Читаем Во имя четыреста первого, или Исповедь еврея полностью

Одно время у нас с Интернатцами возникла мода низвергать друг на друга каменный град - и сколько раз я с восторгом устремлялся под этот метеоритный дождь! Это были мои звездные миги, приближающие меня к небесам. Помню небольшой астероид, который, неторопливо вращаясь, двигался мне навстречу, а я как зачарованный продолжал двигаться навстречу ему. Даже звон удара не очень меня потряс - вроде как кто-то стукнул в отдаленную дверь большого зала, где я спокойно занимался своими делами: это гость лишь запоздалый у порога моего...

В конце концов, важнее не чей кулак, а чье Мы окажется крепче. В Эдеме снова объявился Степка Кирза, один из виднейших хранителей былой Детдомской славы. Средь августовского пекла в темно-синем, невиданном у нас плаще с клетчатой изнанкой (явно с чужого, более могутного плеча), запустив по локоть руки в мрачные глубины карманов, сутулясь, как питекантроп, выставив перед собой широкое лицо с еще более широкой нижней челюстью (таким лицам очень идет небритость, до которой Степке оставалось дотерпеть еще годика два), он устрашающе продавливал толпу у Клубной кассы, а после, помягчев, окруженный почтительным вниманием, вел суровую, но прекрасную повесть о тех суровых, но прекрасных местах, где ему посчастливилось побывать: "Ребята постарше взяли его за руки, за ноги, подкинули и посадили на бетон. Жить, конечно, будет, - как бы сам с собой рассуждал Степка. - Но это уже не человек. Кровью будет дристать..." - Степка пренебрежительно махал рукой, ради такого случая даже извлекши ее из карманных недр, простирающихся едва не до земли.
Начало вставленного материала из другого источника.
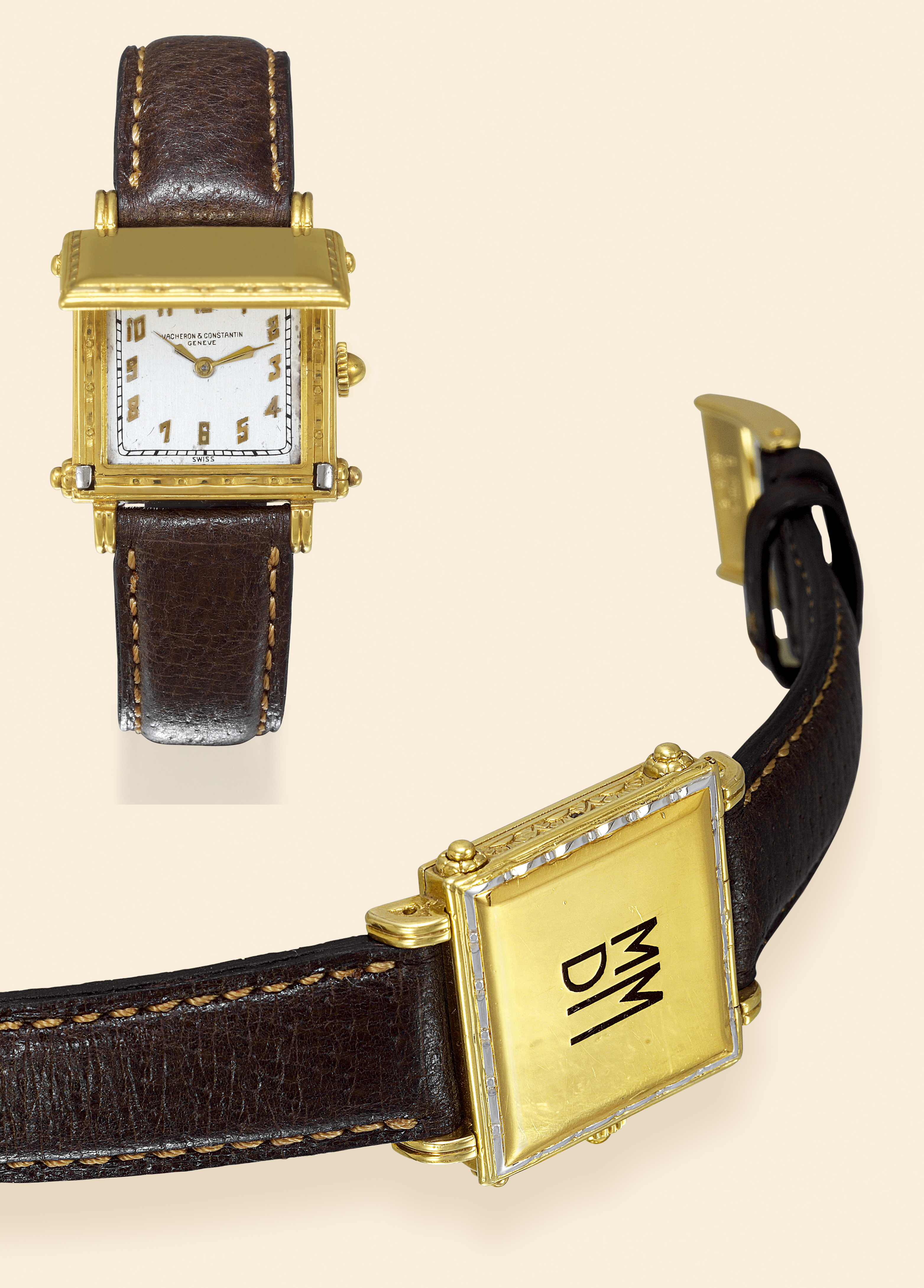 C. Three-body, solid, polished and brushed, gold cover with enamel monogram ?MDM?, engraved border inlaid with platinum, opening via pushers in the band, band engraved with floral arches, bezel with ribbon engraving, engraved lugs, hinged back. D. Silvered, brushed, with applied yellow gold ?cubiste? numerals, outer minute track. Gilt steel ?moderne? hands. M. Cal. R.A. 9???90 18/12, rhodium-plated, 18 jewels, cut bimetallic compensation balance adjusted to five positions, flat balance spring. Dial, case and movement signed. Dim. 27 x 27 mm. Thickness: 7.8 mm.
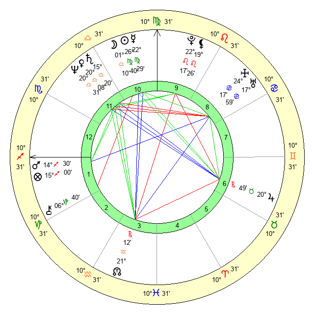 | Moon | 1 Libra 17 | 2 Virgo 17 | 11 Gemini 35 |
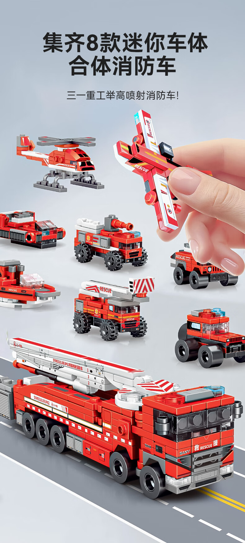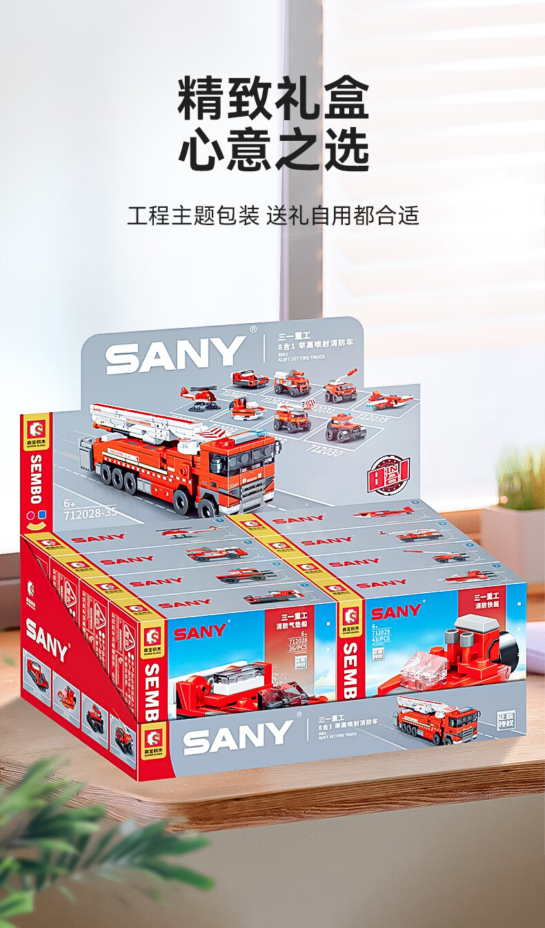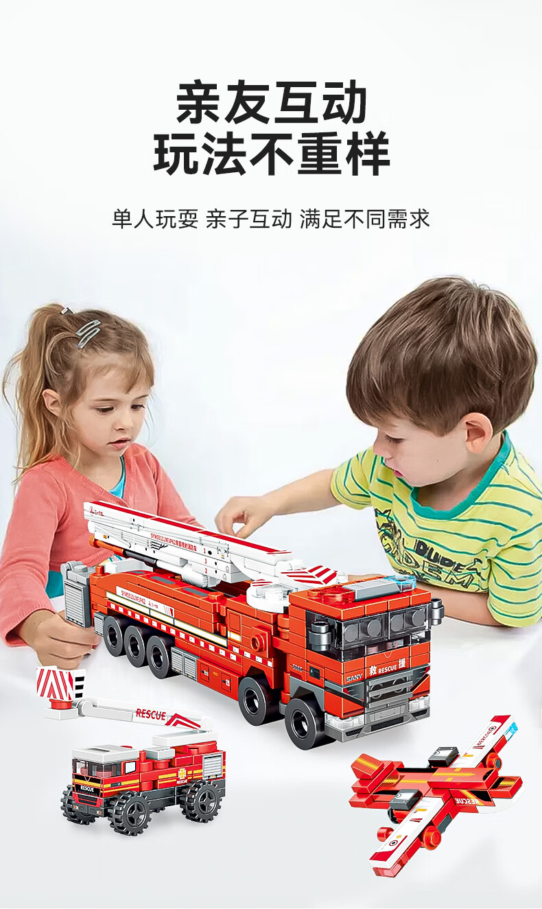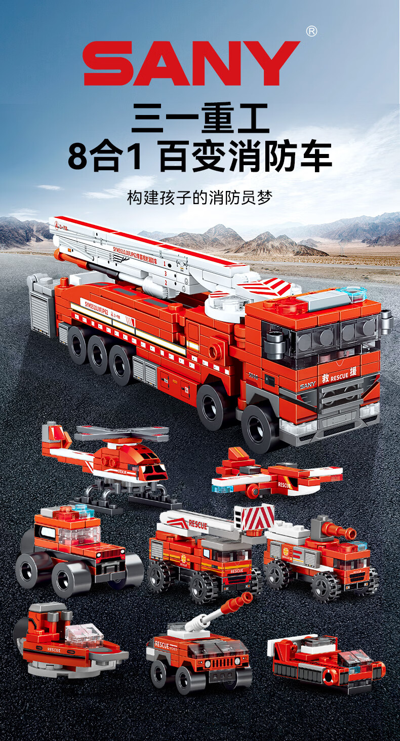 森宝积木儿童拼装积木男孩玩具三一重工系列八合一消防车7120

В эти же дни Марс ниспослал нам очередную удачу: мы захватили Интернатцев врасплох, когда они выходили опять-таки из Бани (где нам еще было с ними свидеться!). Теперь они и в Баню брали с собой больше булыжников, чем мочалок, но мы сумели грянуть таким единодушным залпом, что они в беспамятстве кинулись обратно, открыв нам беззащитный тыл. Мы в едином порыве...

Но тут я с изумлением увидел среди кишения давивших друг друга трусов Степку, потрясенного этим падением своего великого Народа, - Степку, остервенело рвущегося из забитого слипшимися телами дверного проема. Раскрутив над головой солдатскую пряжку, Степка ринулся на нас в одиночку. И мы - мы, а не Мы - бросились кто куда перед мощной властью Правоты. Степкина пряжка сама по себе весила не так уж много - у нас у половины были такие же, с выдавленной звездой, еще и утяжеленные свинцовой подливкой (битье - вообще наиболее употребительное использование пятиконечных звезд), да и в любом случае самый неукротимый Степка не опасней десятка Интернатцев с булдыганами, - но... драпануть перед Детдомцем - не позор, - не то что перед Интернатцем. Каждый из нас, сколько бы нашенской плотвы его ни окружало, все равно чувствовал свою отдельность перед сплоченностью, чувствовал всю свою беззубость и беспанцирность перед Единством Детдома.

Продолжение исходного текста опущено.